July 2021 – LVMH acquires a majority stake in Off-White

LVMH acquired a 60% stake in Off-White LLC., which owned the Off-White trademark. Abloh retained 40% of his company and his creative director role. The New Guards Group remained Off-White’s operating partner. The exact financials of the deal were not disclosed. Through the new venture with LVMH, Off-White was meant to expand its portfolio beyond clothing and enter new markets that LVMH had a stronghold in such as cosmetics and spirits. At the time, Abloh had been artistic director of another LVMH-owned entity, Louis Vuitton Men’s, since 2018. The ambitious vision of the Off-White and LVMH partnership was never fully realized, as Abloh would pass away just five months later following a private battle with a rare form of cancer.

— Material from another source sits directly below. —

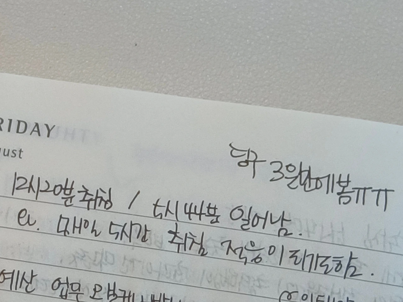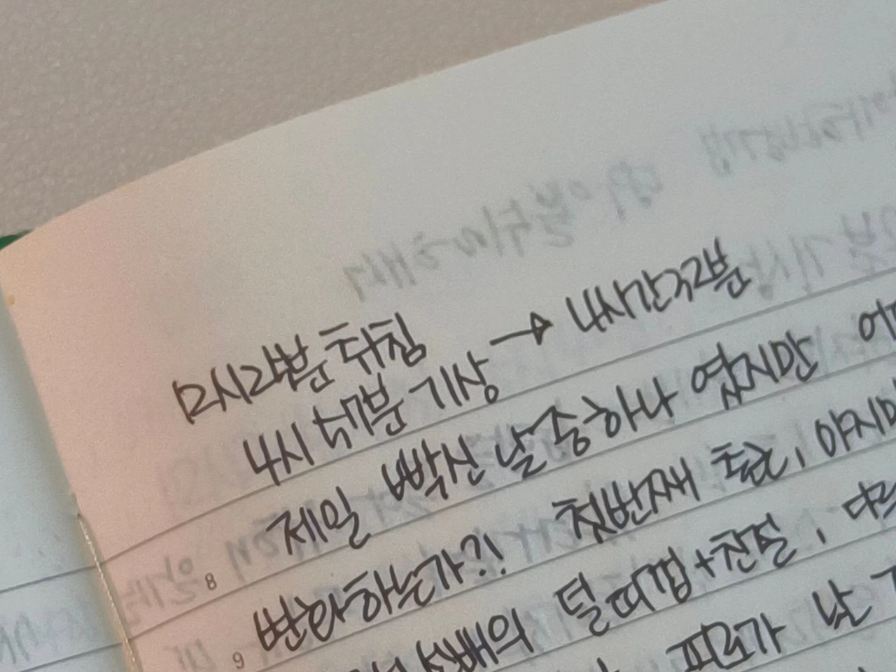 노트에 펜으로 적는 행위가 좋으니까 저절로 책상을 향해 움직이고 있더라고요.

November 2021 – Virgil Abloh passes away

Prior to his sudden death over Thanksgiving week in 2021, Virgil Abloh had been battling a rare and aggressive form of cancer, cardiac angiosarcoma, for two years. “We are all shocked after this terrible news,” LVMH CEO Bernard Arnault said in a statement. “Virgil was not only a genius designer… he was also a man with a beautiful soul and wisdom.” Countless celebrities and fashion industry insiders paid their respects to Abloh on social media. Five months later in May of 2022, his widowed wife Shannon Abloh took control of Virgil Abloh Securities to continue his legacy.

April 2022 – Ib Kamara is appointed as Art and Image Director of Off-White

Ib Kamara
 

Taylor Hill/Getty Images

Following Abloh’s untimely death, Off-White took six months to decide who would fill Off-White’s vacant creative director position. That role ended up going to Dazed editor-in-chief and celebrity stylist Ib Kamara, who had previously worked with Abloh as a stylist and image consultant.

“In the wake of Virgil’s tragic passing we have been working tirelessly to keep his legacy alive and the brand relevant as a point of reference and platform in constant evolution,” Off-White’s chief executive Andrea Grilli told Business of Fashion following the news of Kamara’s appointment. “Having Ibrahim on board, who has been part of the Off-White family for years styling our shows, to oversee art and creative of the brand in this next chapter is a great honor.”

To date, Kamara has designed seven collections with the brand. His work has been met with lukewarm reception.

September 2024 – Off-White debuts at New York Fashion Week

Off-White NYFW

More than a decade after its inception, Off-White presented its first show at New York Fashion Week for the Spring/Summer 2025 season. The “Duty Free” show took place on basketball courts at the Brooklyn Bridge Park pier. Deep v-necks, large exposed pockets that flapped off of pants, and an orange/brown/tan camouflage pattern were some of the major design elements utilized throughout the 41-look presentation. Brand recognition brought out big names like Lil Durk and Camila Cabello to sit front row. Rapper NLE Choppa walked in the show wearing a sheer hooded top covered in red sequins. But ultimately, the show and collection lacked a lot of the unique identity and storytelling elements that Abloh had cultivated at Off-White.

September 2024 – LVMH sells Off-White to Bluestar Alliance LLC

In July of this year, LVMH reported a 14% drop in net profits over the first half of 2024. The fall in revenue comes amid China’s conservative spending on luxury since its double-digit spike in 2023 post Covid lockdowns. China also happens to be one of Off-White’s strongest markets since the brand’s founding. It should come as no surprise, then, that LVMH decided to hand the brand off to another corporation. However, the announcement of the sale—the terms of which were undisclosed just like the Farfetch acquisition—was criticized for being ill-timed. Fans online were not shy of expressing their disappointment at LVMH’s decision not only to sell Off-White, but to announce it on Abloh’s birthday.

As of the time of publishing, Ib Kamara still holds his role as Off-White’s creative director post the Bluestar Alliance sale.